### Exercise goal
Transcribe only what runs from the line containing "在古纤道之上拍照取景是一件非" through the end of the listing, line for line and exactly, and omit the pictures.

──────── Information provided ────────

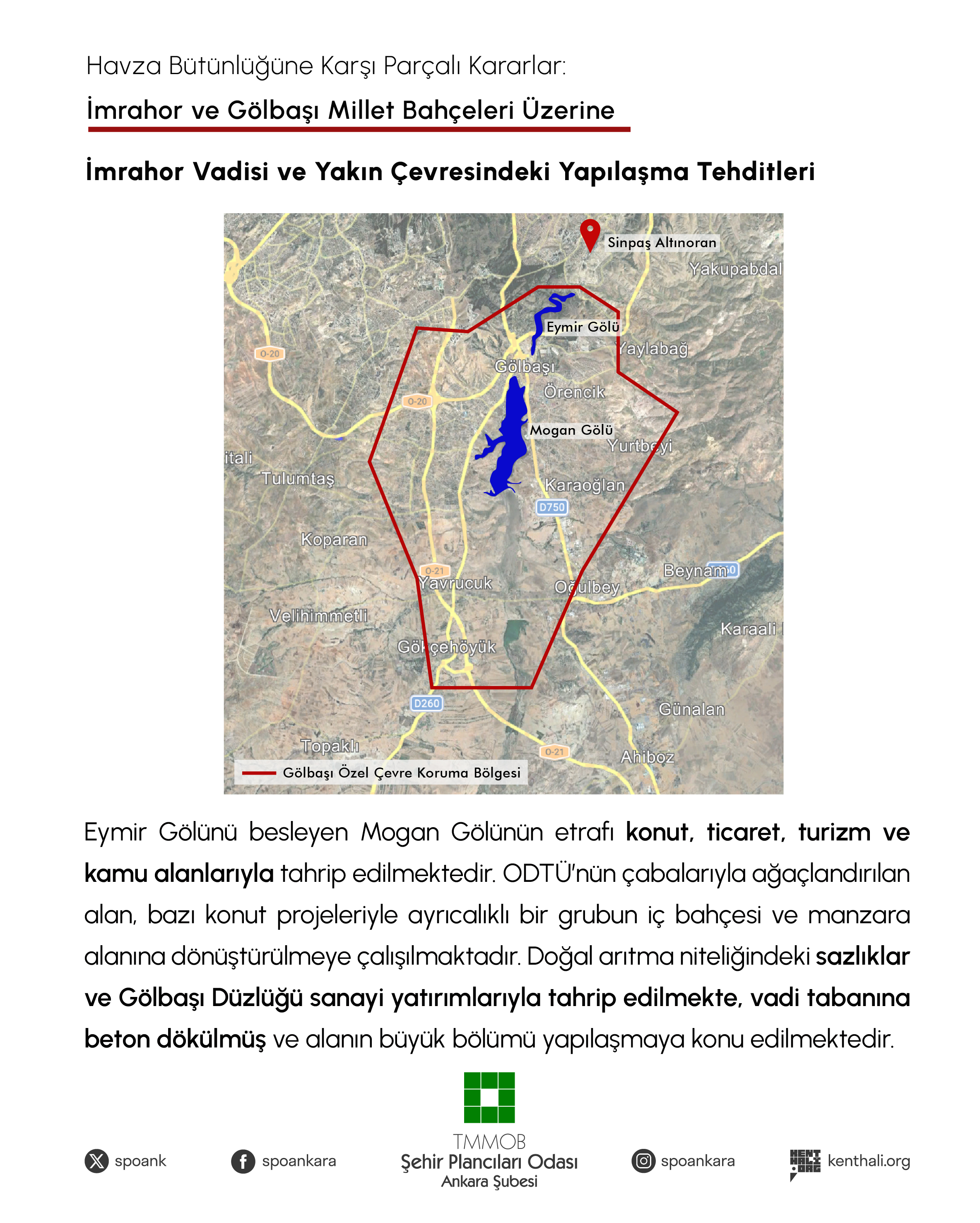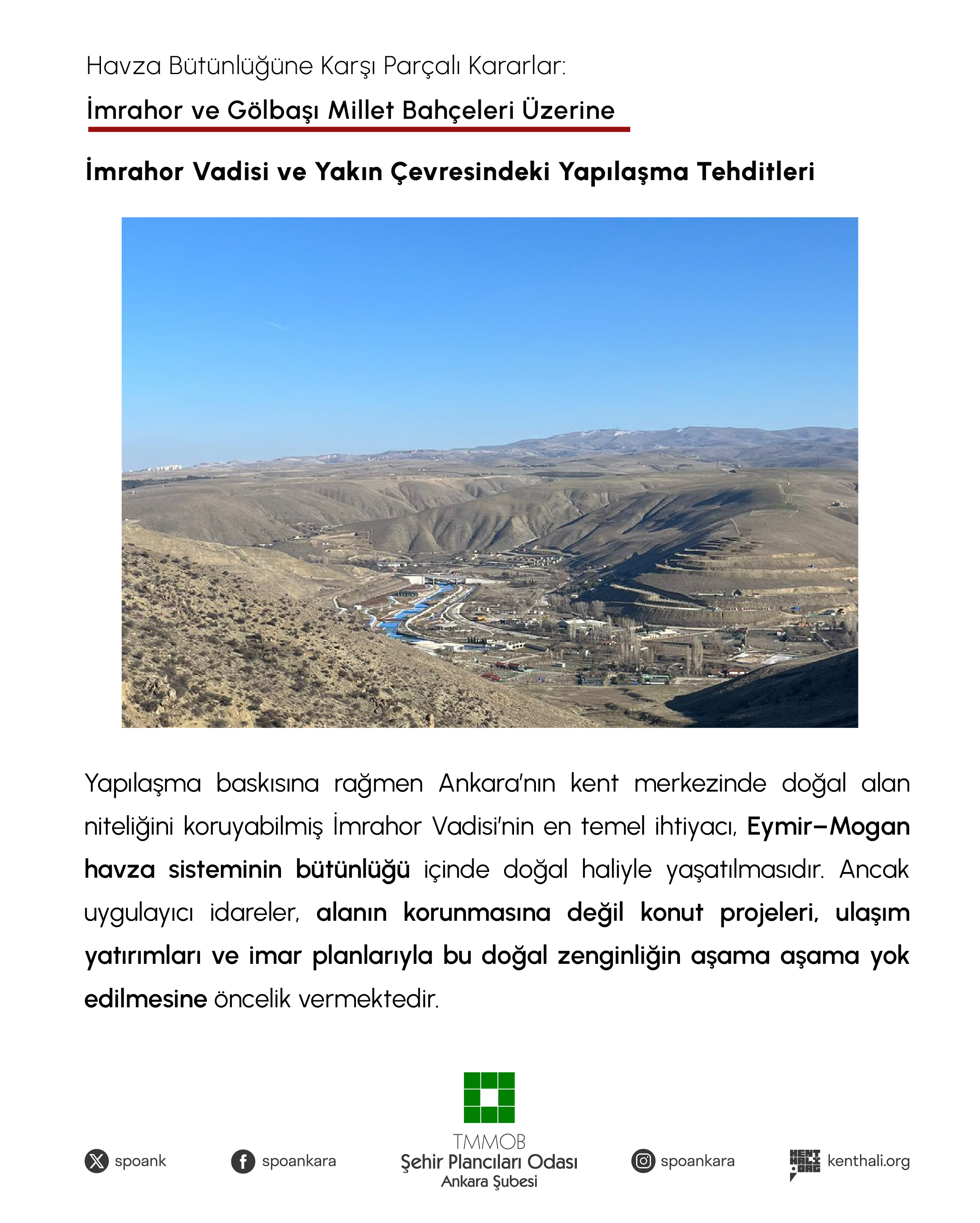 Yapılaşma baskısına rağmen Ankara`nın kent merkezinde doğal alan niteliğini büyük ölçüde koruyabilmiş İmrahor Vadisi`nin en temel ihtiyacı Eymir-Mogan Gölleri Havza sisteminin bütünlüğü içinde vadi alanının doğal haliyle yaşatılmasıdır. Ancak yerel yönetiminden merkezi yönetimine kadar uygulayıcı idareler maalesef alanın korunarak yaşatılmasına değil lüks konut projeleriyle, yeni ulaşım yatırımlarıyla, mahkeme kararlarının iptal gerekçelerini dikkate alarak hazırlanmayan imar planlarıyla bu doğal zenginliğin aşama aşama yok edilmesine öncelik vermektedir.
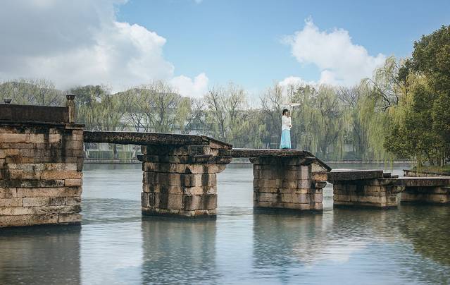 在古纤道之上拍照取景是一件非常容易的事情,本身就带着历史的气息,幽幽的湖水更是增色不少,若是在烟雨朦胧的日子里来,随手便是江南好风景,怪不得有许多的影视剧都会来这里。
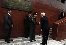 The Ministry was formed from the headquarters of the 17th Army Corps, after the dissolution of the Soviet Union in 1991-92. Originally, it was named the State Defense Committee, by order of President Askar Akayev on January 13, 1992. In 1993, the State Defense Committee was renamed to the Ministry of Defense of the Kyrgyz Republic. In November 2015, the Ministry of Defense was renamed the State Committee for Defense Affairs.[2][3] In 2018, the Jogorku Kenesh raised the issue of restoring the Ministry of Defense, with Deputy Almambet Shykmamatov saying that Generals of the General Staff are not recognized abroad, since in other countries this body is "just an office" that coordinates the work of different agencies.[4] Following the inauguration of President Sadyr Japarov in early February 2021, the Ministry of Defense was reestablished.[5][6][7] This came after a poll appeared on the General Staff's Facebook page asking whether citizens consider it necessary to re-create the ministry, with the majority supporting the idea.[8]

────────

### Result of the task
 在古纤道之上拍照取景是一件非常容易的事情,本身就带着历史的气息,幽幽的湖水更是增色不少,若是在烟雨朦胧的日子里来,随手便是江南好风景,怪不得有许多的影视剧都会来这里。
 The Ministry was formed from the headquarters of the 17th Army Corps, after the dissolution of the Soviet Union in 1991-92. Originally, it was named the State Defense Committee, by order of President Askar Akayev on January 13, 1992. In 1993, the State Defense Committee was renamed to the Ministry of Defense of the Kyrgyz Republic. In November 2015, the Ministry of Defense was renamed the State Committee for Defense Affairs.[2][3] In 2018, the Jogorku Kenesh raised the issue of restoring the Ministry of Defense, with Deputy Almambet Shykmamatov saying that Generals of the General Staff are not recognized abroad, since in other countries this body is "just an office" that coordinates the work of different agencies.[4] Following the inauguration of President Sadyr Japarov in early February 2021, the Ministry of Defense was reestablished.[5][6][7] This came after a poll appeared on the General Staff's Facebook page asking whether citizens consider it necessary to re-create the ministry, with the majority supporting the idea.[8]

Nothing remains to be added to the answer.